*WHAT YOU ARE ASKED TO DO:*
Your copy should match the entries exactly, with the pictures left out.

*RECORDS SUPPLIED:*
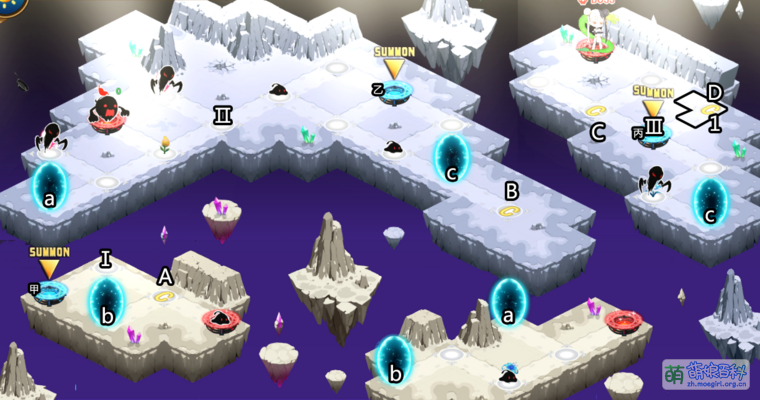 - 第2天,根据具体情况,可以选择:①套餐乙进入传送门a,将右下浮空岛上的渣滓净化(行动点必然足够)。②如果传送门c旁边那个渣滓穿过传送门,可以考虑让套餐丙将其净化掉。
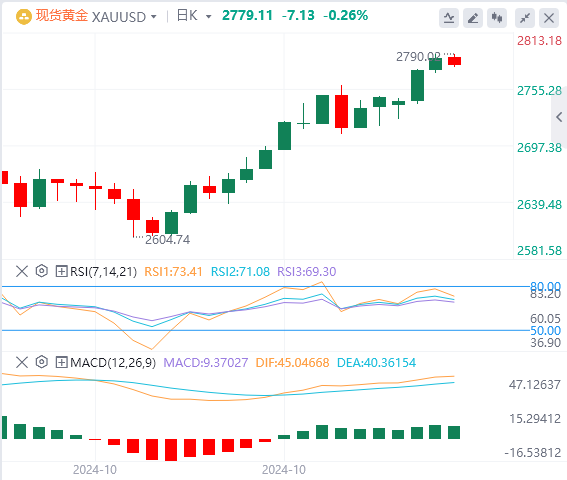如果价格成功突破2790.22美元,则可能会看涨至2803.33美元和2815.26美元。然而,跌破直接支撑位2772.47美元可能会引发进一步下行,目标为2760.49美元。
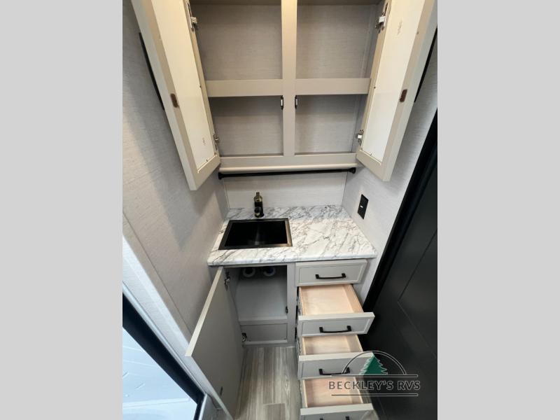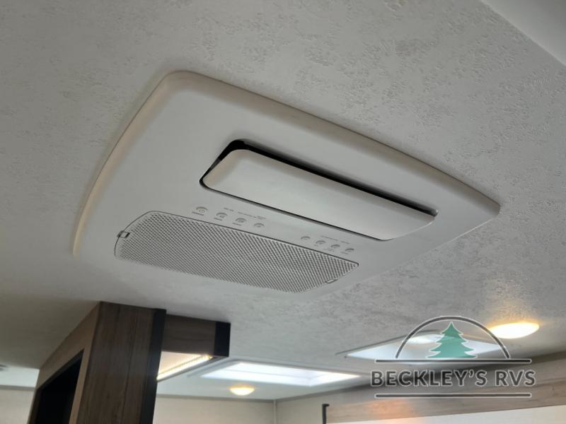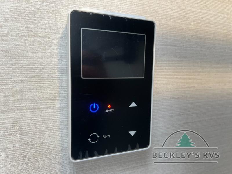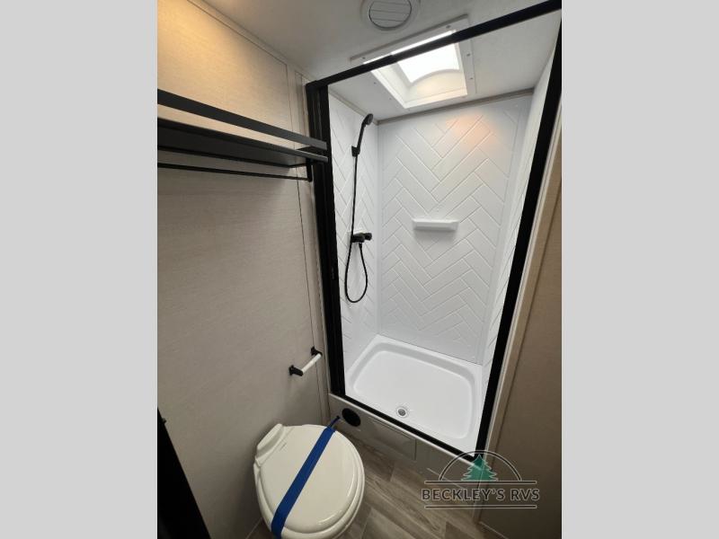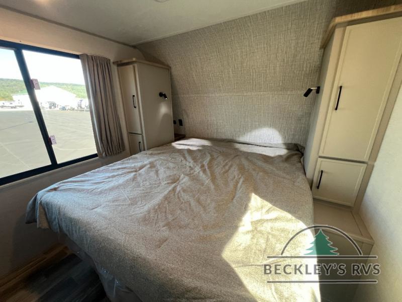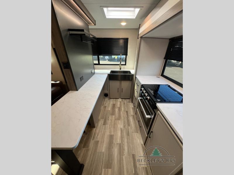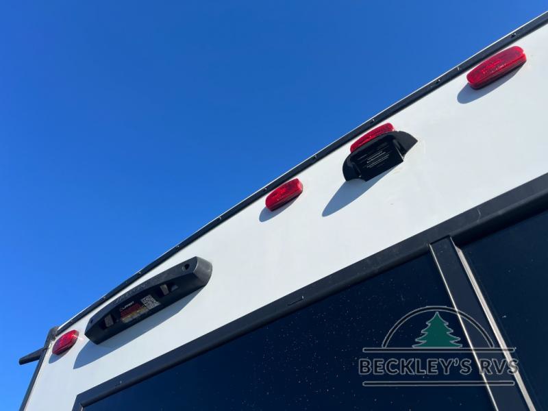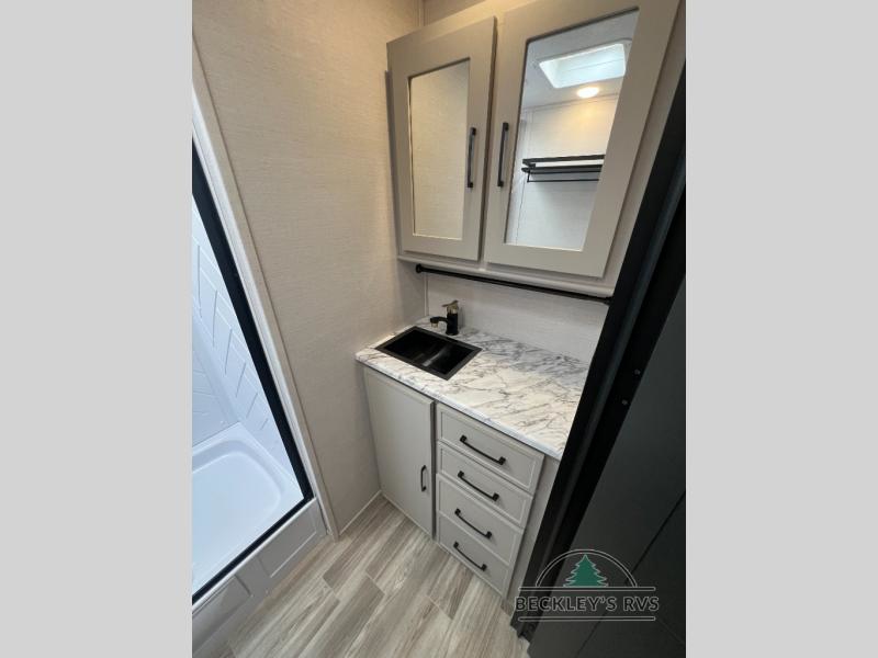 This Vibe travel trailer is perfect for your next getaway! Relax on the theater seating opposite the entertainment center with fireplace. A bar top counter provides plenty of space in the kitchen, where you will also love the fridge, electric oven, and spacious pantry. A desk area even allows you to work if you have to! At night retire to the front bedroom with its custom king bed. The full bath features a spacious 36" x 30" shower, linen closet, and even prep for an optional washer/dryer. Outside you will find dual awnings and an outside fridge so you can grab drinks on the go.
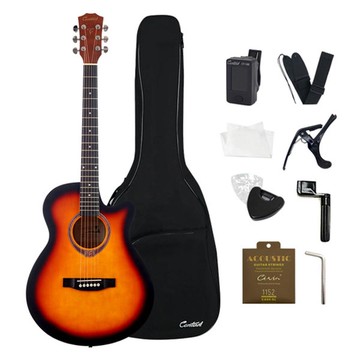 Lanjian系列 38吋,缺角民謠吉他,木吉他,琴袋+背帶+彈片+全配備 (紅棕色)
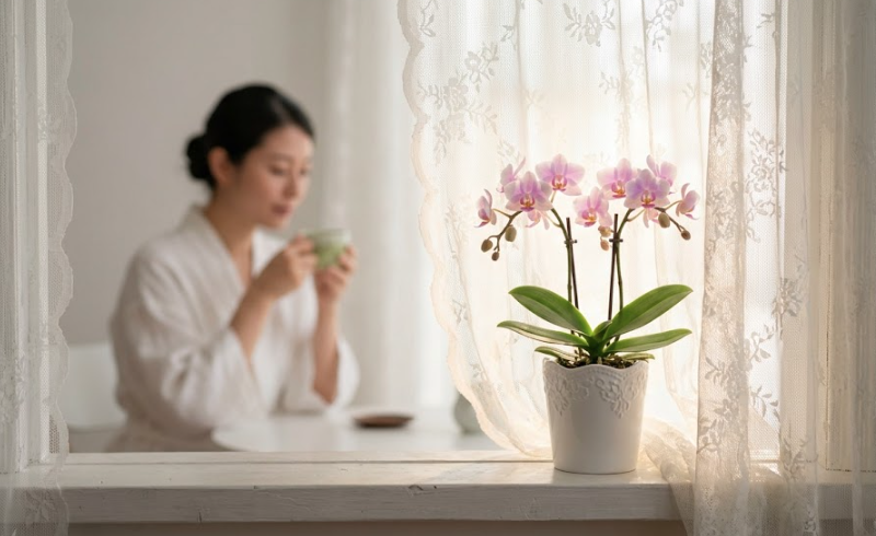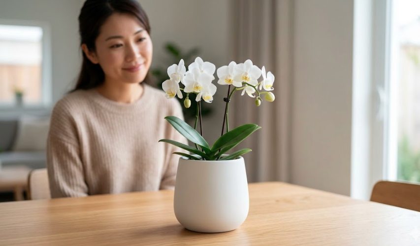 次に、相手がどこにその花を飾るかをイメージしてみましょう。ミニ胡蝶蘭といっても、品種によってボリューム感は異なります。例えば、コンパクトな「マイクロ胡蝶蘭」と呼ばれるさらに小さなタイプなら窓際に、3本立ちのような少しボリュームのあるミディタイプならリビングのセンターテーブルに映えます。
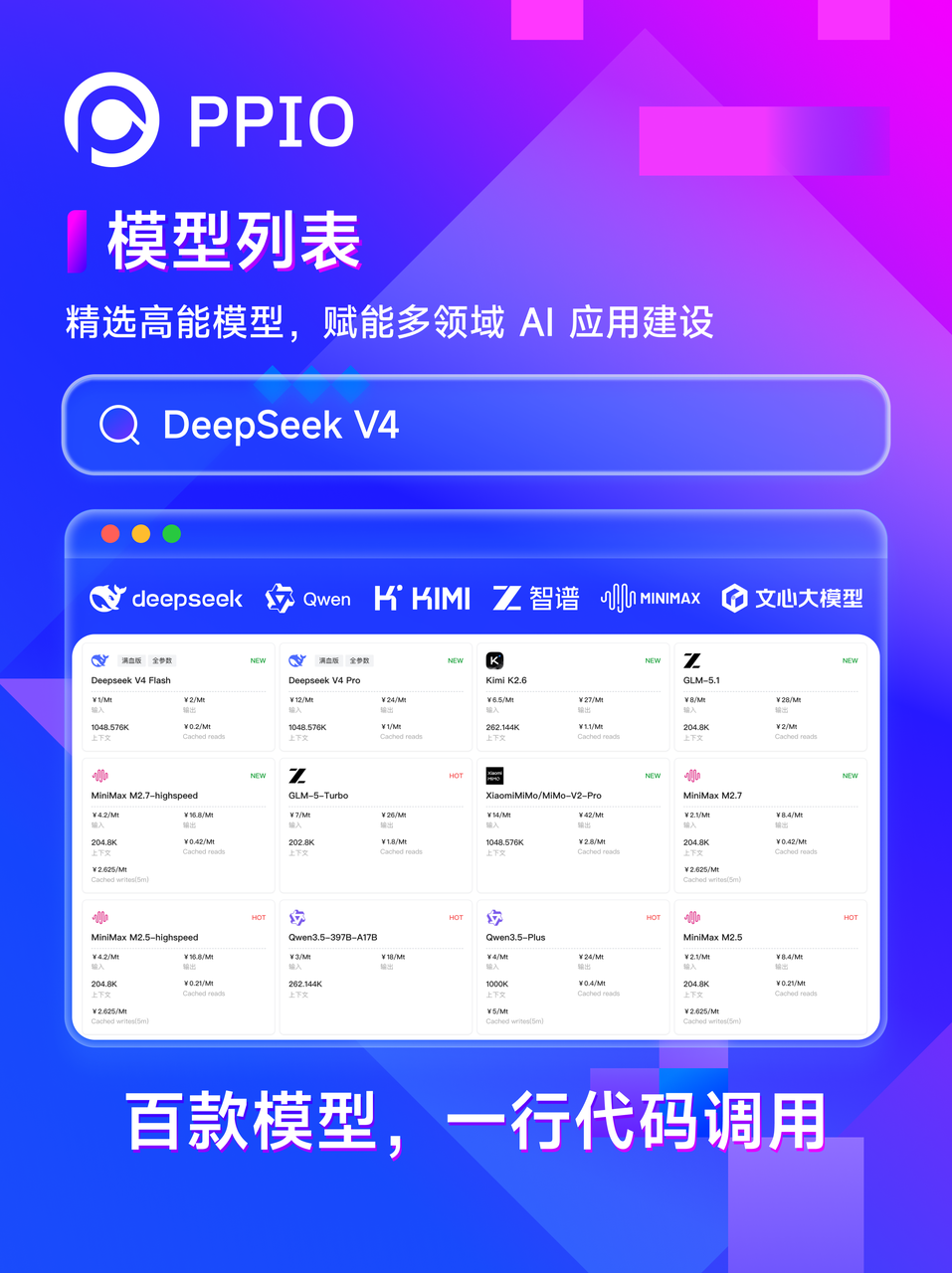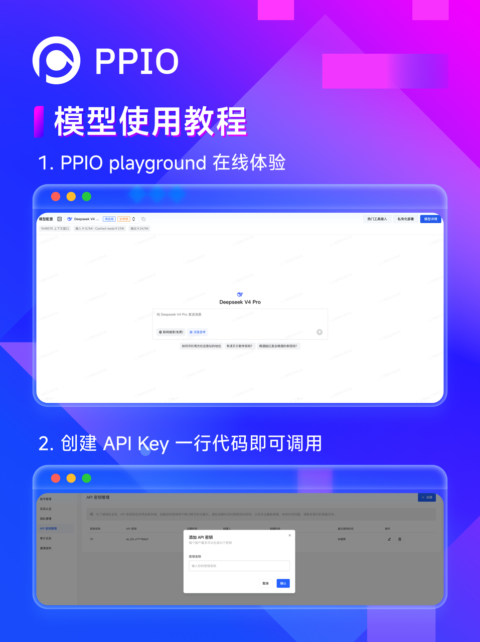 现在,你可以到 PPIO 官网体验、调用 API 能力:https://ppio.com/model/deepseek/deepseek-v4-flashhttps://ppio.com/model/deepseek/deepseek-v4-pro

*ANSWER FOR THE TASK:*
 - 第2天,根据具体情况,可以选择:①套餐乙进入传送门a,将右下浮空岛上的渣滓净化(行动点必然足够)。②如果传送门c旁边那个渣滓穿过传送门,可以考虑让套餐丙将其净化掉。
如果价格成功突破2790.22美元,则可能会看涨至2803.33美元和2815.26美元。然而,跌破直接支撑位2772.47美元可能会引发进一步下行,目标为2760.49美元。
 This Vibe travel trailer is perfect for your next getaway! Relax on the theater seating opposite the entertainment center with fireplace. A bar top counter provides plenty of space in the kitchen, where you will also love the fridge, electric oven, and spacious pantry. A desk area even allows you to work if you have to! At night retire to the front bedroom with its custom king bed. The full bath features a spacious 36" x 30" shower, linen closet, and even prep for an optional washer/dryer. Outside you will find dual awnings and an outside fridge so you can grab drinks on the go.
 Lanjian系列 38吋,缺角民謠吉他,木吉他,琴袋+背帶+彈片+全配備 (紅棕色)
 次に、相手がどこにその花を飾るかをイメージしてみましょう。ミニ胡蝶蘭といっても、品種によってボリューム感は異なります。例えば、コンパクトな「マイクロ胡蝶蘭」と呼ばれるさらに小さなタイプなら窓際に、3本立ちのような少しボリュームのあるミディタイプならリビングのセンターテーブルに映えます。
 现在,你可以到 PPIO 官网体验、调用 API 能力:https://ppio.com/model/deepseek/deepseek-v4-flashhttps://ppio.com/model/deepseek/deepseek-v4-pro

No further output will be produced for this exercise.